- Born: Birgit Ann-Marie Nordbring 1923
- Died: March 16, 2020 (aged 96)
- Education: Lund University
- Scientific career
- Thesis: Nematode-trapping organs in the fungus arthrobotrys oligospora : formation, structure and function (1974)

= Birgit Nordbring-Hertz =

Swedish scientist (1923–2020)

Birgit Ann-Marie Margareta Nordbring-Hertz, (16 May 1923 – 16 March 2020 in Lund, Sweden) was a Swedish scientist at Lund University known for her work on the interactions between fungi and nematodes.

== Education ==
Nordbring-Hertz graduated with a medical licentiate degree with a thesis on the opportunistic human pathogenic fungus, Candida albicans, 1956 at Lund University, and received a doctorate in microbiology in 1974 at the same university, working on nematode-trapping fungi. After her doctorate she took over responsibility for the department of microbial ecology, a position she held from 1975 until 1989. In 1987, she was promoted to professor at Lund University, and in 1989 she transitioned to an emeritus position. She was the first female professor at the natural science faculty at Lund University.

== Research ==
Nordbring-Hertz's research mainly dealt with a type of microfungi, so-called nematophagous fungi, that infect and digest nematodes. She concentrated on the nematode-trapping fungus Arthrobotrys oligospora. Nordbring-Hertz used scanning electron microscopy to study the trapping organs of A. oligospora. Her early research was concentrated on how trapping organs were induced, apart from nematode touching the hyphae also chemically by small peptides will induce trap formation. Her work was later focussed on specific recognition mechanisms, e.g. by lectins (carbohydrate-binding glycoproteins) on the trap surface that recognise specific carbohydrates on the nematode surface and start the infection process. Her research also examined volatile exudates from nematodes, the fungal plant pathogen Verticillium dahliae, and quantifying the presence of the fungus in soil ecosystems.

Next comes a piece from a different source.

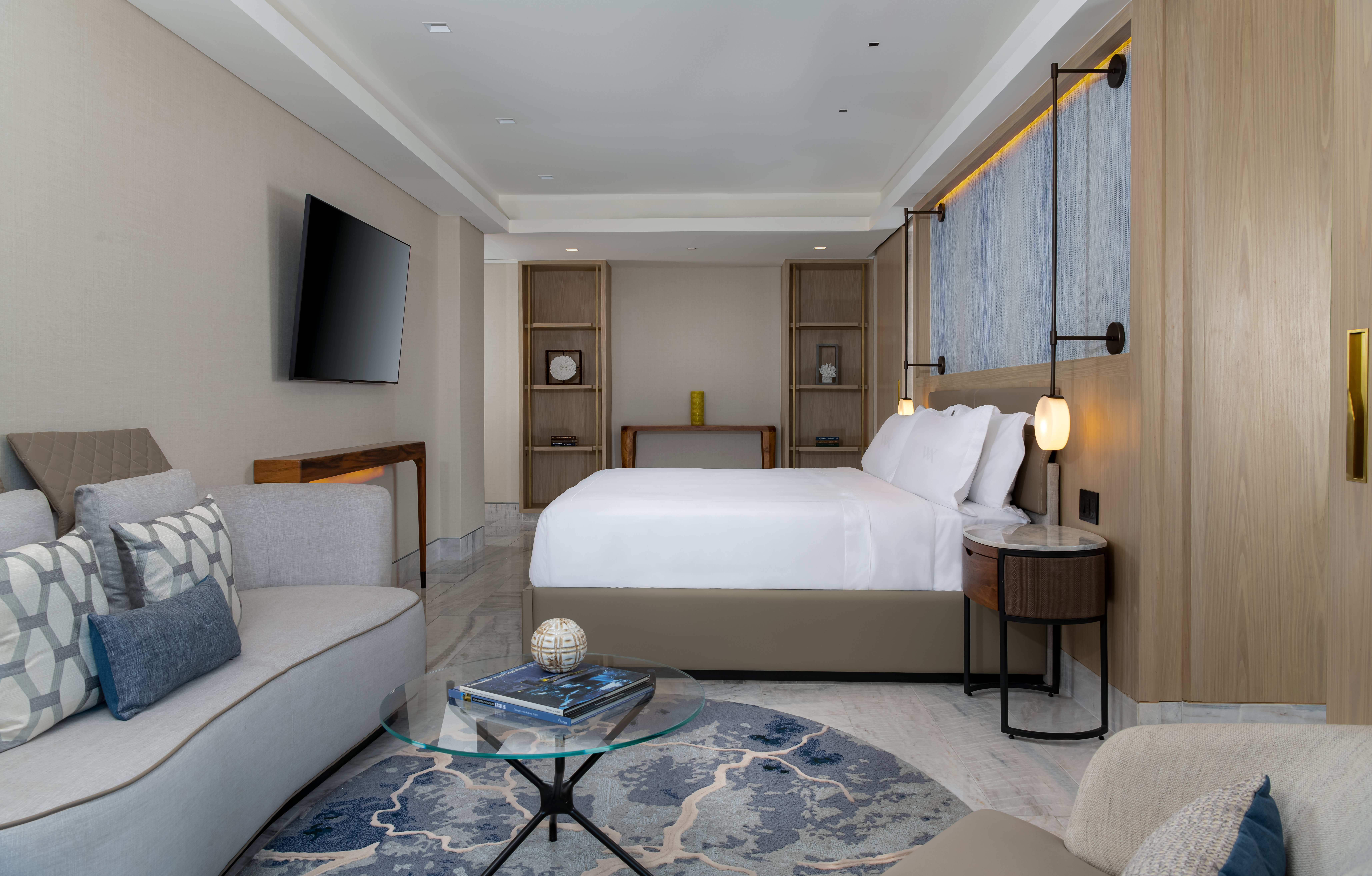 The most exclusive abode at Waldorf Astoria Riviera Maya is the Ocean Front Two-bedroom Presidential Suite. Floor-to-ceiling windows throughout ensure the stunning beachside setting takes center stage.

== Selected publications ==
- Nordbring-Hertz, Birgit (1972). "Scanning Electron Microscopy of the Nematode-trapping Organs in Arthrobotrys oligospora"
- Nordbring-Hertz, Birgit (1977). "Nematode-Induced Morphogenesis in the Predacious Fungus Arthrobotrys oligospora"
- Nordbring-Hertz, Birgit (1979). "Action of a nematode-trapping fungus shows lectin-mediated host–microorganism interaction"
- Nordbring-Hertz, Birgit (2004). "Morphogenesis in the nematode-trapping fungus Arthrobotrys oligospora - an extensive plasticity of infection structures"
- Nordbring-Hertz, Birgit (2011). "Encyclopedia of Life Sciences"

== Personal life ==
Nordbring-Hertz married in 1953 to a professor in electrical measurement technology, Hellmuth Hertz, and they had two sons, Thomas and Hans Hertz.